Matching names against an existing database is a challenging task because names of people can vary based on many factors, including:
- Simple misspellings: Hans Morgenstern vs. Hans Morgenstirn
- Use of a nickname vs. the full form of a name: John vs. Johnny
- Presence vs. absence of an initial: John F. Smith vs. John Smith
- Names that sound alike but are spelled differently: Sean vs. Shawn vs. Shaun; Goldman vs. Goldmann
- Name order variants: William Johnson vs. Johnson, William
- Transliteration variants: Abdel el-Sisi vs. Abdul al-Sisi. (A language like Arabic is written in a script different from Latin and also has some sounds that don’t occur in English. When transforming the name from Arabic letters to English ones, differences in spelling frequently arise.)
Of course, these examples are only a small sample of the possible variations. What makes the challenge of matching quite hard is that multiple variations can occur in a single name:
- William Benson Harrison vs. Bill B. Harrison vs. Will Harrison vs. W. B. Harrison vs. Harrison, William vs. Harrison, Bill, etc.
- Sean Berman vs. Shaun Burman
Advanced Fuzzy Name Matching uses a state-of-the-art machine learning algorithm and large-scale, real-world name variant data. This approach automatically learns a collection of intelligent, probabilistic name matching rules from the data. Because the rules are learned from real data, they are not bound by the limitations of humans’ knowledge. They reflect countless name variants that occur in the real world.

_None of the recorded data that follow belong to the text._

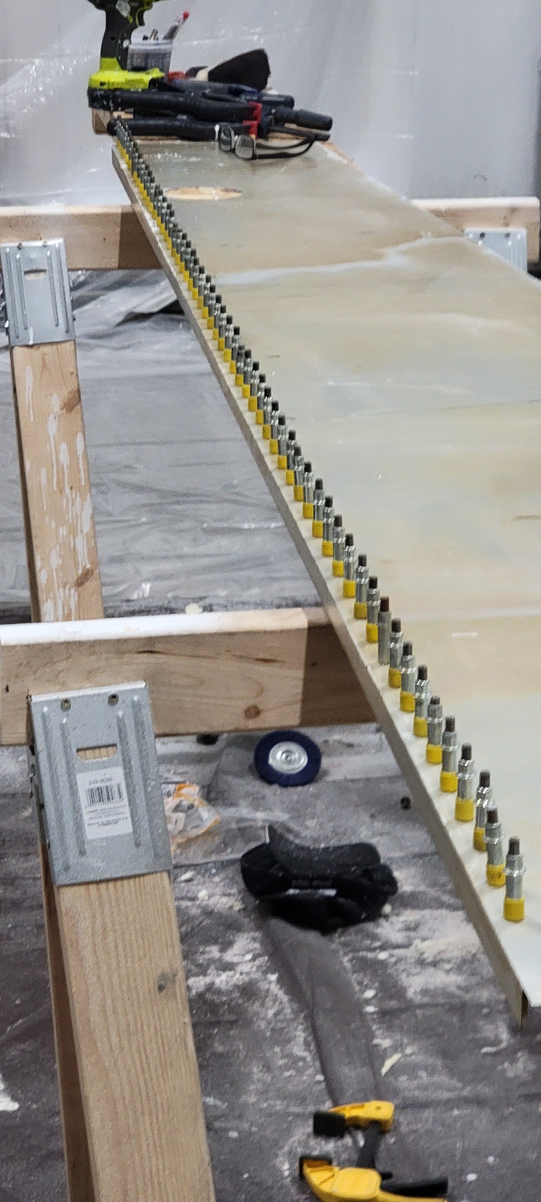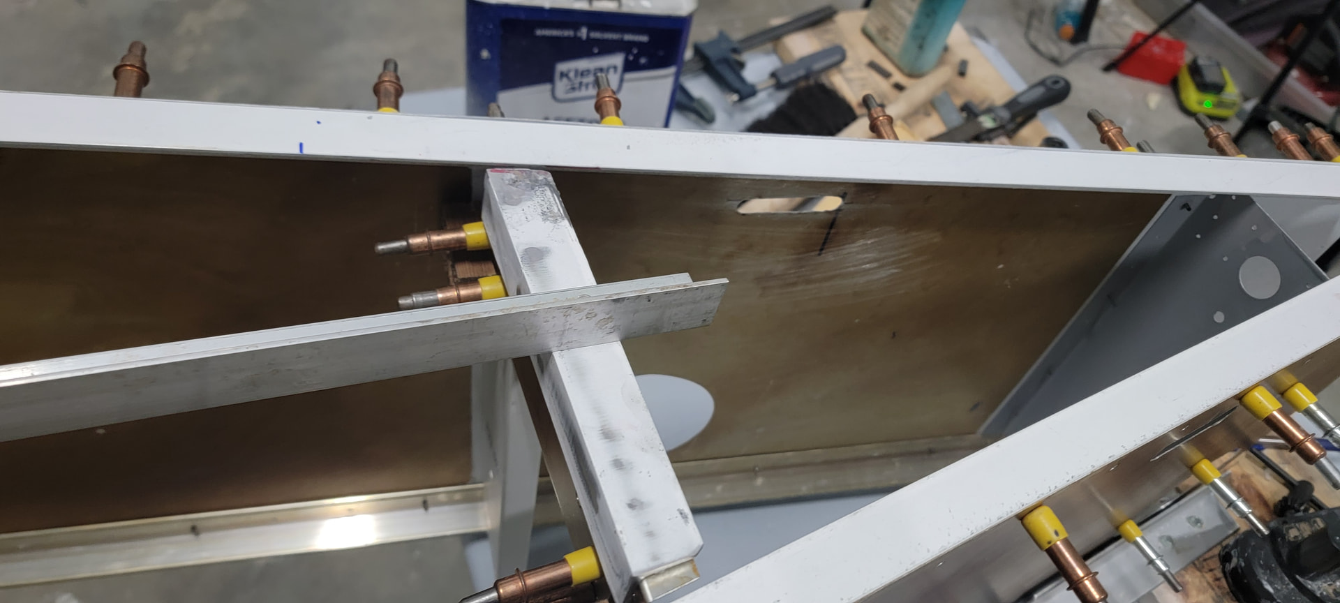 The basic tub was clecoed and a jig to square to the centerline was made and used.
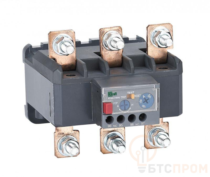Тепловое реле перегрузки серии РТ-02 Dekraft; предназначено для применения с контакторами КМ-102 на ток 115-185 А; трехполюсное; диапазон уставок реле 55-70 А; класс расцепления 10; два режима повторного включения - ручной и автоматический. Тепловые реле РТ-02 применяются для защиты цепей переменного тока и электродвигателей от перегрузки, асимметрии фаз, затянутого пуска и заклинивания ротора. Реле подходит к соответствующим контакторам других производителей.
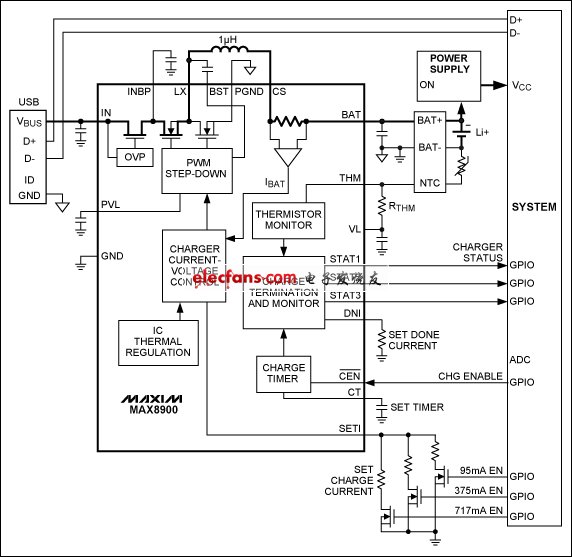 MAX8900_是高頻、開關(guān)模式充電器,用于單
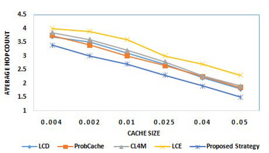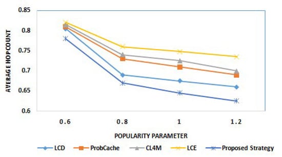 The last round of experiments investigated the performance of proposed strategy among aforementioned caching strategies, for comparison by considering another challenging metric, i.e., average hop count. Figure 6 and Figure 7 show the average hop count results of various caching strategies for different cache sizes and different popularity parameter , respectively. From the results obtained, it can be observed that the proposed strategy outperforms existing state of art caching strategies by reducing average number of hops traversed during content delivery operations. For the average hop count, the maximum improvement is recorded in case of proposed strategy (with varying cache size). This is due to the design model of the proposed strategy where caching at intermediate nodes is always aimed to reduce hop count with minimum delay. From the results in Figure 6, the continuous fall in average hop count value with growing cache size can be clearly observed for all caching strategies. This represents the direct significance of cache size on number of hops traversed. The decrease in count of hops with increase in popularity for all strategies can be seen in Figure 7. The caching of the most popular and future predicted content near the user is the reason behind the obtained results.
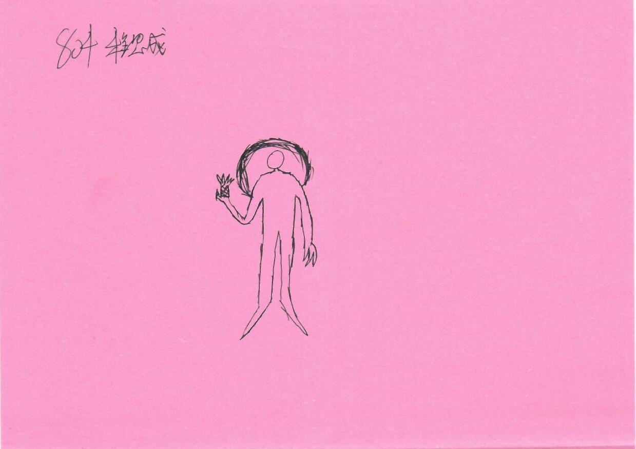 图中有一个简单的线条人物,姿态直立,右手似乎握有一个物品,背景为单一的粉色。人物的头部有一个环状图案,可能象征光环或装饰。整体设计较为简约,缺乏明显的节日元素。
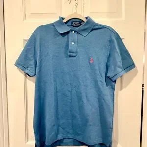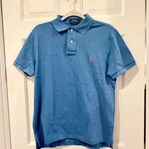 Men’s Ralph Lauren Blue Polo with Pink Logo - Size M Slim Fit

In addition, information supplied by the extracted relationships can be used to aid in distinguishing individuals. For instance, different associated license numbers would typically mean these are two different people:
Isabelle M. Robertson, VA Lic. 342095
Isabelle Robertson (OR license 89239)
Adverse event information such as in our example in the previous section would be attached to the individual’s record for review by the client/attorney who requested the search.
The end result is a fully deduplicated and enriched database with all data relevant to a single individual captured in the same record.
Summary
The combination of Entity Extraction and Fuzzy Name Matching helps attorneys select the expert witnesses who are most likely to persuade a judge or jury. It will make the job of attorneys in preparing a case much easier and less prone to error.